Any help is much appreciated.
Upvotes: 0
Views: 331
Reputation: 6338
Try this-
val data =
"""
|emp_id|emp_site |emp_name
|1 |Washigton | Will
|2 |null | null
|3 |New York | Norman
|4 |Iowa | Ian
""".stripMargin
val stringDS = data.split(System.lineSeparator())
.map(_.split("\\|").map(_.replaceAll("""^[ \t]+|[ \t]+$""", "")).mkString(","))
.toSeq.toDS()
val df1 = spark.read
.option("sep", ",")
.option("inferSchema", "true")
.option("header", "true")
.option("nullValue", "null")
.csv(stringDS)
df1.show(false)
df1.printSchema()
/**
* +------+---------+--------+
* |emp_id|emp_site |emp_name|
* +------+---------+--------+
* |1 |Washigton|Will |
* |2 |null |null |
* |3 |New York |Norman |
* |4 |Iowa |Ian |
* +------+---------+--------+
*
* root
* |-- emp_id: integer (nullable = true)
* |-- emp_site: string (nullable = true)
* |-- emp_name: string (nullable = true)
*/
val data1 =
"""
|emp_id|emp_site |emp_name
|1 |Washigton | Watson
|2 |Wisconsin | Sam
|3 |New York | null
|4 |Illinois | Ican
|5 |Pennsylvania | Patrick
""".stripMargin
val stringDS1 = data1.split(System.lineSeparator())
.map(_.split("\\|").map(_.replaceAll("""^[ \t]+|[ \t]+$""", "")).mkString(","))
.toSeq.toDS()
val df2 = spark.read
.option("sep", ",")
.option("inferSchema", "true")
.option("header", "true")
.option("nullValue", "null")
.csv(stringDS1)
df2.show(false)
df2.printSchema()
/**
* +------+------------+--------+
* |emp_id|emp_site |emp_name|
* +------+------------+--------+
* |1 |Washigton |Watson |
* |2 |Wisconsin |Sam |
* |3 |New York |null |
* |4 |Illinois |Ican |
* |5 |Pennsylvania|Patrick |
* +------+------------+--------+
*
* root
* |-- emp_id: integer (nullable = true)
* |-- emp_site: string (nullable = true)
* |-- emp_name: string (nullable = true)
*/
val joiningKey = "emp_id"
val cols =
df1.columns.filterNot(_.equals(joiningKey)).zip(df2.columns.filterNot(_.equals(joiningKey)))
.map { c =>
val (df1Col, df2Col) = df1.col(c._1) -> df2.col(c._2)
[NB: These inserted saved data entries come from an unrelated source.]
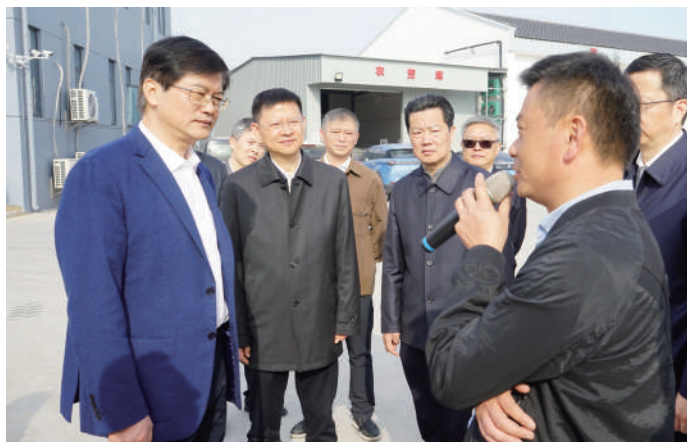
◎ 2023年3月7日,省人大常委会副主任魏国强带队赴苏州常熟,开展《江苏省家庭农场促进条例》立法调研。

太湖边,远山如黛,近水含烟,水天交织处鸟飞鱼跃;在盐城湿地公园,野生候鸟挤在湖面上嬉戏打闹,与蓝天、白云、芦苇共同组成一道美景;泛舟古运河上,欣赏着两岸美景,耳边传来悠扬的扬州小调……江苏之美在于水,“水韵江苏”素享盛誉,“鱼米之乡”自古闻名。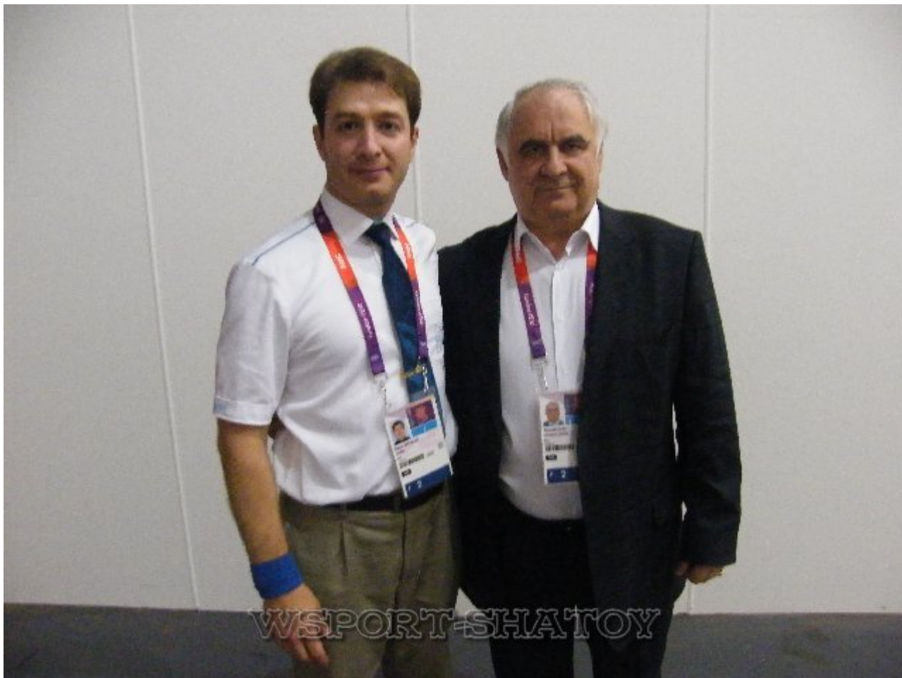
Айдамир и Зияудин Исаев – вице-президент ФСБР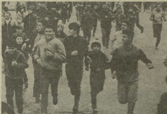
ქუთაისი: კროსი ქალაქის ქუჩებში.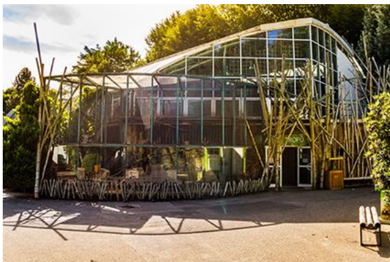
Wejście do pawilonu tropików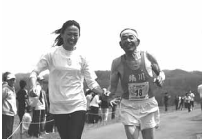
↑有森さんに励まされゴールを目指す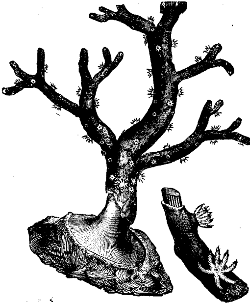
Branche de corail.

frappée par des maux humains; c'est la main divine qui l'écrasa en quelques instants. — Naza-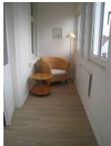
Ein gemütlicher Leseplatz auf der anderen Seite der Loggia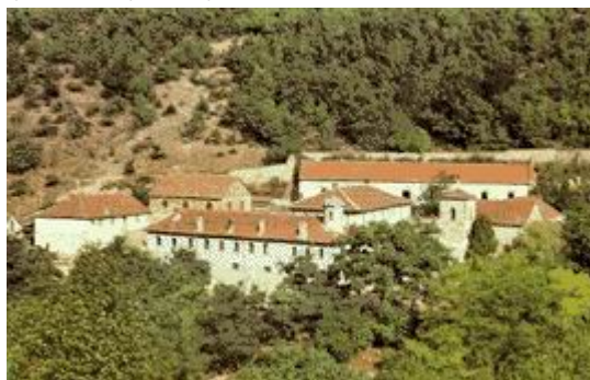
Манастир Девич—задужбина деспота Ђурађа Бранковића

Ђурађ се родио око 1375. године, као други син косовског господара Вука Бранковића и Маре Лазаревић, кћери кнеза Лазара. „Тада је био наилазак иноплеменика на хришћане“ (Стеф. Лазаревић). Мрачни облаци надвијали су се над Србијом након пораза на Марици 1371. године. У једној генерацији малоазијски Турци претворили су се од номадских ратника, који су дуго били тек најамници балканских великаша, у немилосрдне освајаче Балкана. Ђурађ је био дечак оног Видовдана 1389. године кад му се отац вратио с поља Косова јављајући о крвавој бици у којој су погинули кнез Лазар, Милош и толики други. „Не поштедисмо живот наш, да живописан пример после овога другима будемо.“ Да ли је Вук био крив само зато што он и његови ратници нису остали до краја и нису до последњег изгинули? Или је ипак напустио кнеза пре времена? То никада нећемо сазнати. Али, знамо да је (историјски) Вук Бранковић и након Косова наставио отпор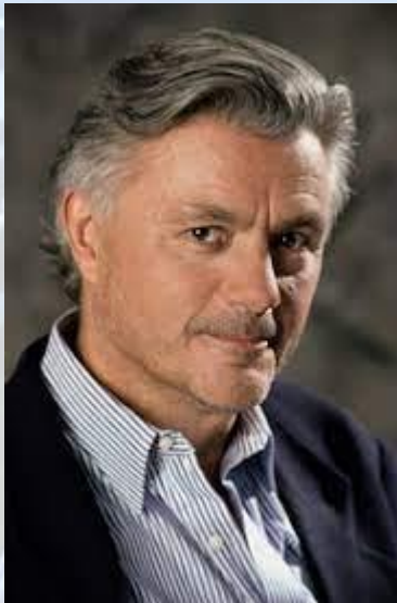
Письменник Джон Ірвінг (США, 1942)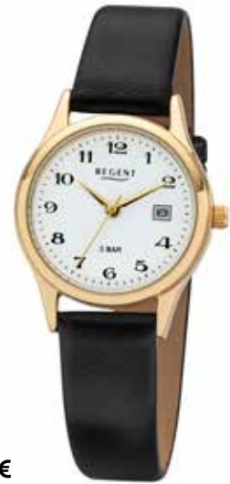
F-835 54,90 €

Edelstahl + Edelstahl IPG, 5 Bar, Ø 28 mm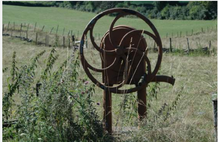
réalisé par nos soins : ne pas jeter sur la voie publique

Rénovation de la salle du premier étage de la tour par les bénévoles de l'Amicale de Château.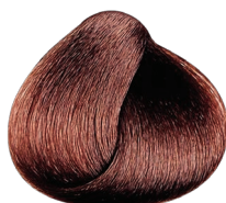
4.62 VIBRANT castaño rojizo irisado CARMILANE + DMS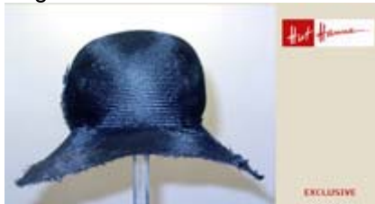
Angebot Nr. 5

when(df1Col.isNull && df2Col.isNotNull,
array(map(lit("to"), df2Col), map(lit("change"), lit("insert"))))
.when(df1Col.isNotNull && df2Col.isNull,
array(map(lit("from"), df1Col), map(lit("change"), lit("delete"))))
.when(df1Col.isNotNull && df2Col.isNotNull && df1Col === df2Col,
lit(null))
.when(df1Col.isNull && df2Col.isNull,
lit(null))
.otherwise(array(map(lit("from"), df1Col), map(lit("to"), df2Col), map(lit("change"), lit("update"))))
.as(c._1)
}
df1.join(df2, Seq(joiningKey), "outer")
.select(cols ++ Seq(col(colName = joiningKey)): _*)
.orderBy(joiningKey)
.show(false)
/**
* +------------------------------------------------------+----------------------------------------------------+------+
* |emp_site |emp_name |emp_id|
* +------------------------------------------------------+----------------------------------------------------+------+
* |null |[[from -> Will], [to -> Watson], [change -> update]]|1 |
* |[[to -> Wisconsin], [change -> insert]] |[[to -> Sam], [change -> insert]] |2 |
* |null |[[from -> Norman], [change -> delete]] |3 |
* |[[from -> Iowa], [to -> Illinois], [change -> update]]|[[from -> Ian], [to -> Ican], [change -> update]] |4 |
* |[[to -> Pennsylvania], [change -> insert]] |[[to -> Patrick], [change -> insert]] |5 |
* +------------------------------------------------------+----------------------------------------------------+------+
*/
// in case column is not of type string
val getExpr = (fromExpr: String, toExpr: String, changeExpr: String) =>
s"named_struct('from', $fromExpr, 'to', $toExpr, 'change', '$changeExpr')"
val cols1 =
df1.columns.filterNot(_.equals(joiningKey)).zip(df2.columns.filterNot(_.equals(joiningKey)))
.map { c =>
val (c1, c2) = s"df1.${c._1}" -> s"df2.${c._2}"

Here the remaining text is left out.